Mark Sean O'Hare (born July 18, 1968) is an American cartoonist, animator, writer and storyboard artist who created the comic strip Citizen Dog.

O'Hare is well known for his work on animated television shows as a writer and storyboard artist for Rocko's Modern Life, SpongeBob SquarePants, Dexter's Laboratory, The Powerpuff Girls, Hey Arnold!, The Angry Beavers, The Mighty B! and Chowder. He also performed storyboard work on The Ren and Stimpy Show. Throughout the run of the series, O'Hare served as the creative director and supervising producer on Camp Lazlo. He is currently a storyboard artist at Illumination Entertainment.
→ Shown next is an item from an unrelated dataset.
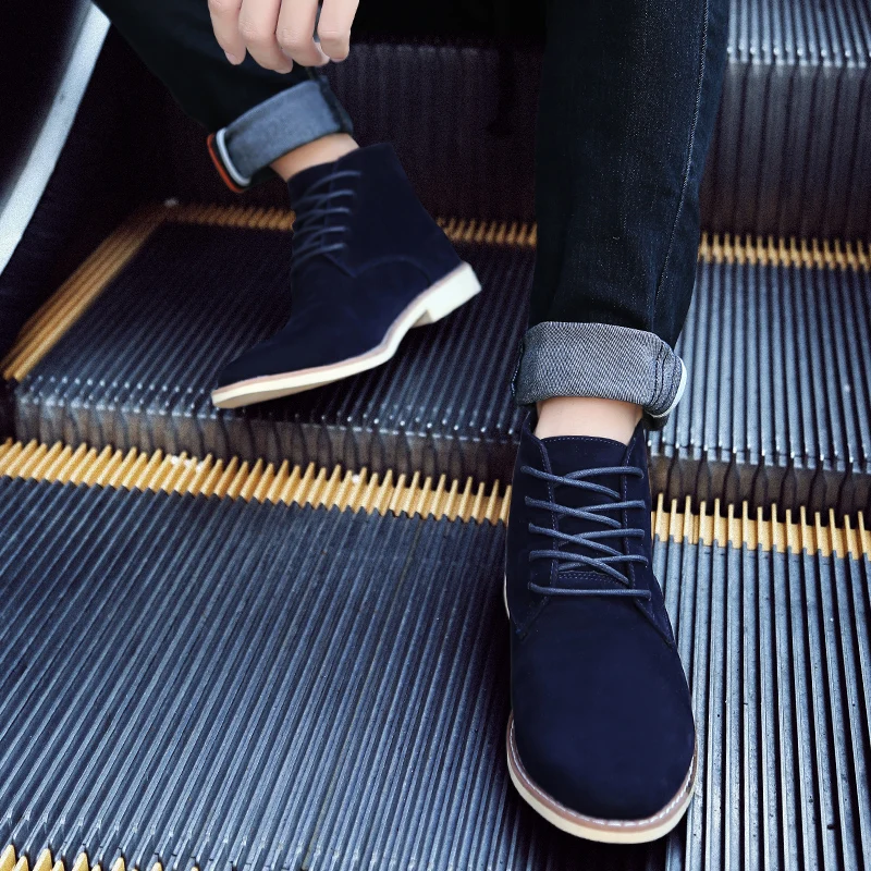 Ботинки Челси мужские, демисезонные, синие, с высоким берцем
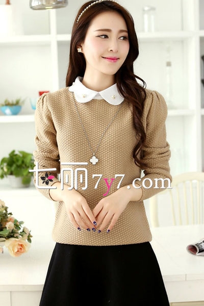 卡其色毛衣,颜色复古百搭,清新的娃娃领设计,非常优雅迷人,搭配上一条简单的毛衣链后,毛衣项链配色,两者互相呼应,突出银色的部分,就显得这款毛衣搭配的层次性丰富了许多,很好看的哦。

Although accepted into the aeronautical engineering program at Purdue University, O'Hare shifted focus after his sophomore year to study graphic design, later getting acceptance into the character animation program at California Institute of the Arts.

While a student at Purdue University, he drew a strip called Art Gallery for the student newspaper, The Exponent. The comic ran from the autumn of 1987 to the spring of 1990.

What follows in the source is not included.